The generator in a Generative Adversarial Network takes a random noise vector $ \mathbf{z} $ as input and uses it to generate fake data. The process involves two steps: first, transforming the noise vector using a weight matrix $ \mathbf{W}_{g1} $, and second, applying the sigmoid activation function.

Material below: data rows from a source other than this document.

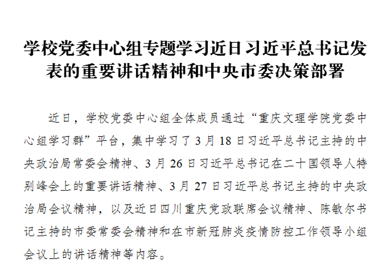 近日,学校党委中心组全体成员通过“beat365在线登录官网党委中心组学习群”平台,集中学习了3月18日习近平总书记主持的中央政治局常委会精神、3月26日习近平总书记在二十国领导人特别峰会上的重要讲话精神、3月27日习近平总书记主持的中央政治局会议精神,以及近日四川重庆党政联席会议精神、陈敏尔书记主持的市委常委会精神和在市新冠肺炎疫情防控工作领导小组会议上的讲话精神等内容。
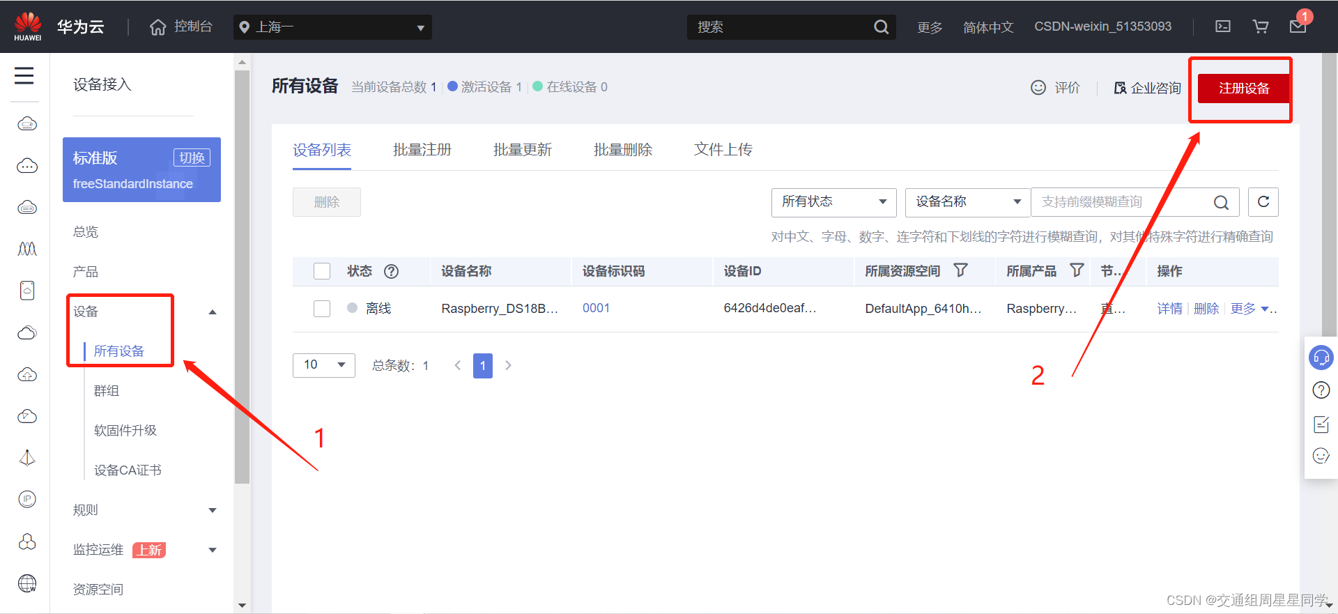 1、点击“设备”中的“所有设备”,点击“注册设备”
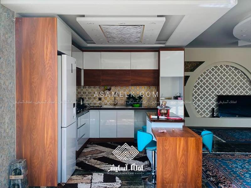 - سالن پذیرایی بزرگ ، آشپزخانه با کابینت های MDF ترک , گاز رومیزی و هود لمسی
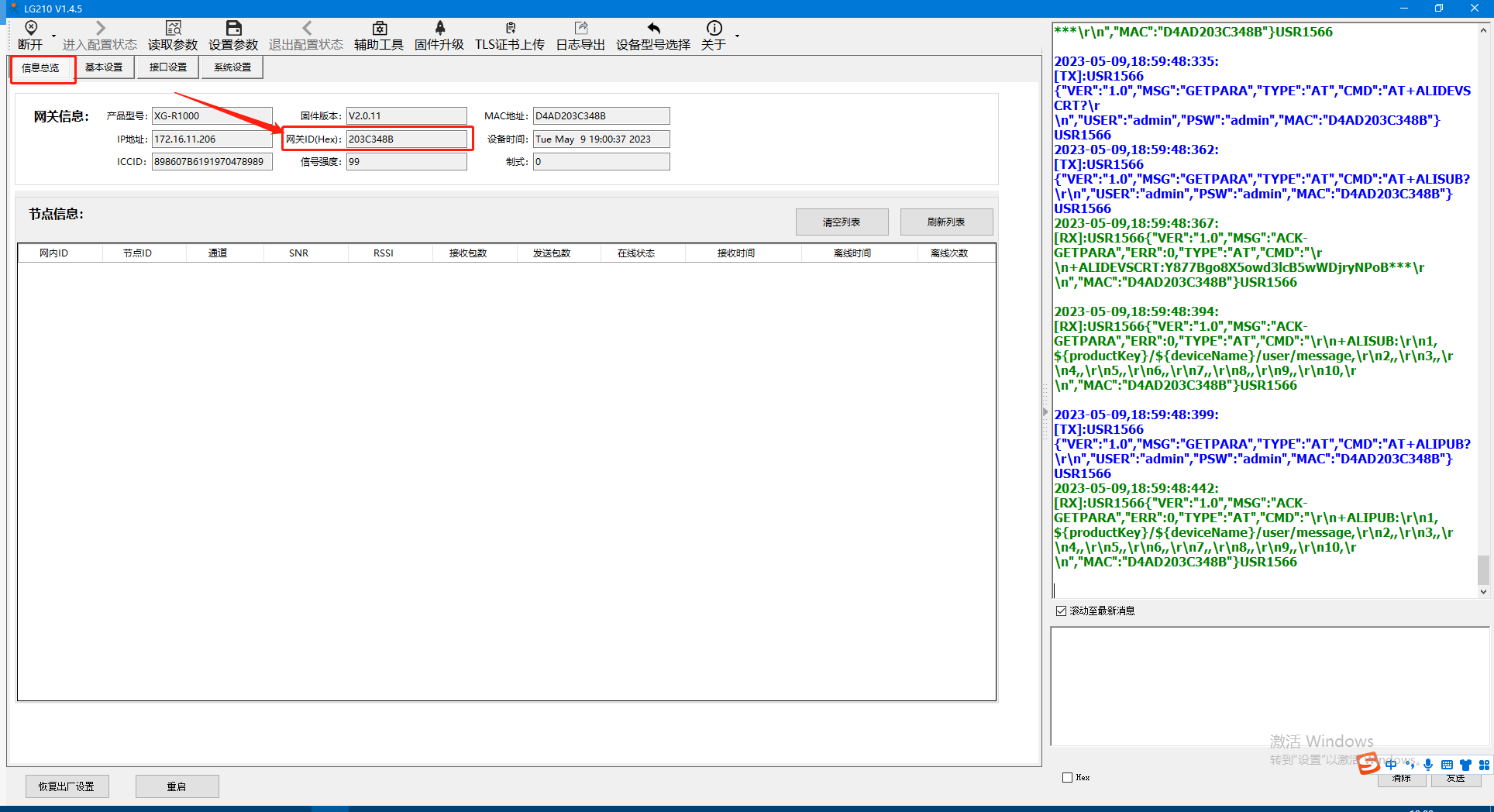 8、LG210重新獲取參數(shù),在節(jié)點(diǎn)信息中可以看到添加的USR-DR206-L已組網(wǎng)成功。

The output is then transformed again by another weight matrix $ \mathbf{W}_{g2} $ and passed through a sigmoid function to produce the final fake data $ \mathbf{x}_{\text{fake}} $:

$$
\mathbf{h} = \sigma(\mathbf{z} \mathbf{W}_{g1})
$$
$$
\mathbf{x}_{\text{fake}} = \sigma(\mathbf{h} \mathbf{W}_{g2})
$$

Here:
- $ \mathbf{z} $ is the generator input (random noise).
- $ \mathbf{W}_{g1} $ and $ \mathbf{W}_{g2} $ are the weights for the first and second layers of the generator, respectively.
- $ \sigma $ represents the sigmoid activation function.
- $ \mathbf{h} $ is the hidden layer representation.
- $ \mathbf{x}_{\text{fake}} $ is the generated fake data.


In [4]:
# Generator
def generate_fake_data(generator_input, generator_weights):
    """
    The generator takes a random noise and uses it to generate fake data.
    
    :param generator_input: Random noise.
    :param generator_weights: Weights for the generator model.
    :return: Fake data.
    """
    hidden_layer = np.dot(generator_input, generator_weights['g1'])
    hidden_layer = sigmoid(hidden_layer)
    output_layer = np.dot(hidden_layer, generator_weights['g2'])
    fake_data = sigmoid(output_layer)
    return fake_data

## Discriminator

The discriminator takes input data and processes it through layers with weights to classify the data as real or fake.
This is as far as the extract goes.